The digital yuan, using blockchain technology, will automatically float – thus bypassing the U.S.-controlled global financialized casino.

The amount of sovereign digital currency is fixed. That in itself eliminates a plague: quantitative easing (QE), as in helicopter money. And that leaves the sovereign digital currency as the preferred medium for trade, with currency transfers unimpeded by geography and, the icing on the cake, without banks charging outrageous fees as intermediaries.

Of course there will be pushback. As in non-stop demonization of neo-Orwellian China for straying away from the whole purpose of bitcoin and cryptocurrencies – which is to have freedom from a centralized structure via decentralized ownership. There will be howls of horror at the PBOC potentially capable of seizing anyone’s digital funds or turning off a wallet if the owner displeases the CCP.

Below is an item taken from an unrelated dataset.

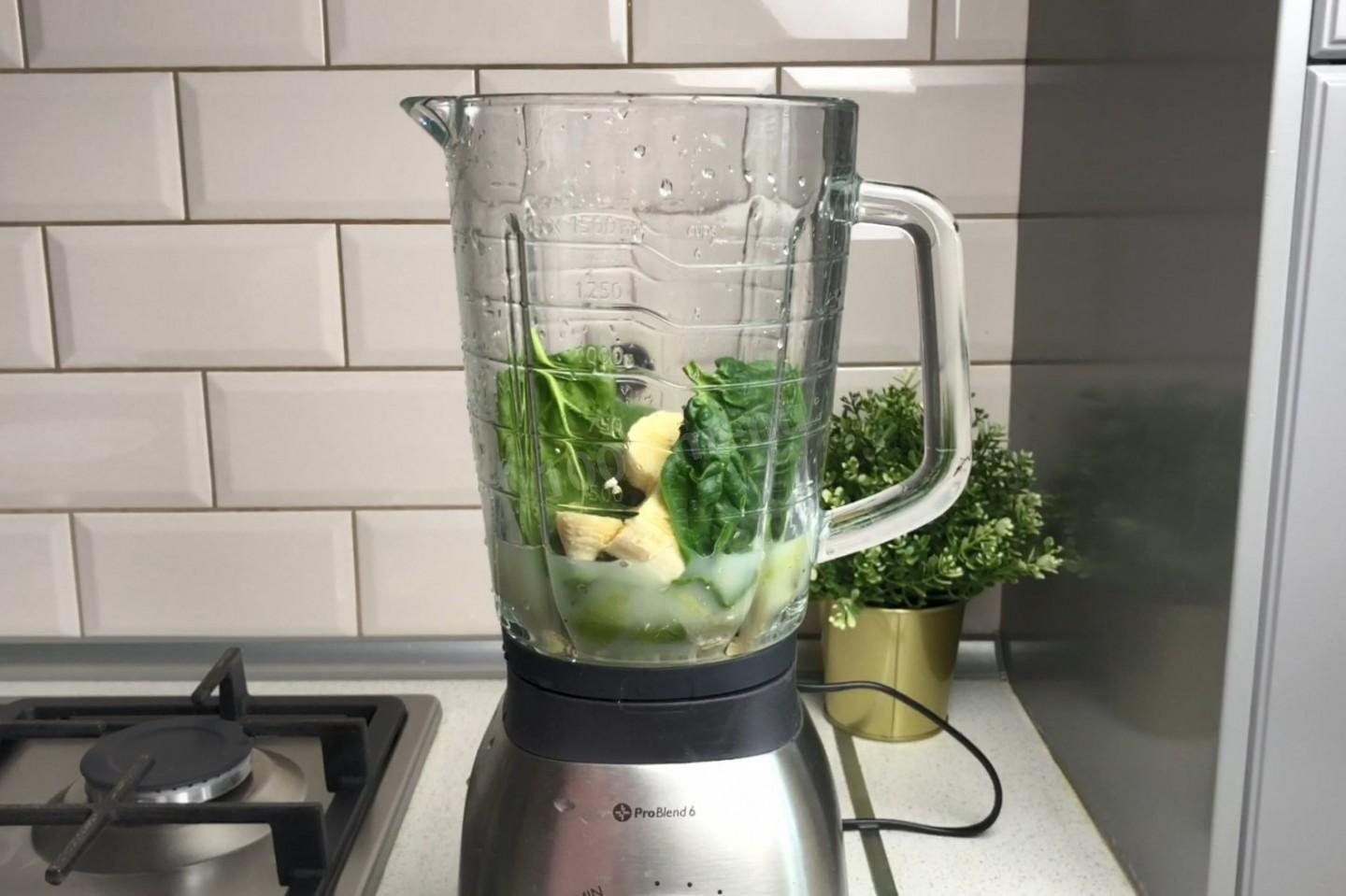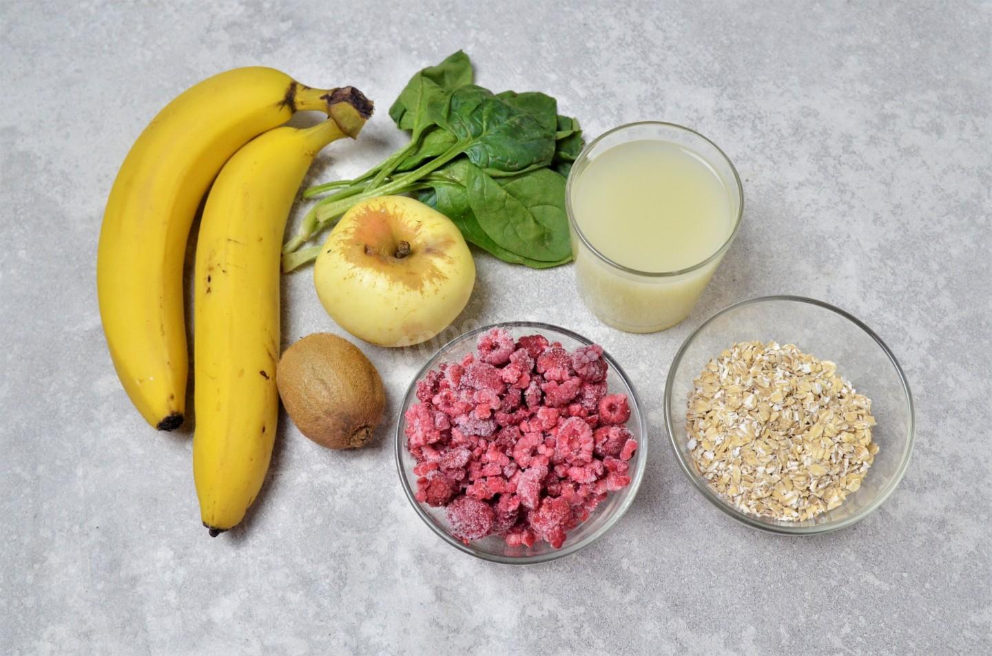 Na zielony koktajl wlej mleko, dodaj płatki, włóż Banana, jabłko, kiwi i szpinak. Ubij smoothie w ten sam sposób.

China is on it, but the U.S., UK, Russia and India are also on their way to launch their own crypto-currencies. For obvious reasons, the Bank of International Settlements (BIS), the Central Bank of Central Banks, is very much aware that the future is now. Their research with over 50 Central Banks is unmistakable: we are facing an “impeding arrival”. But who will take the Biggest Prize?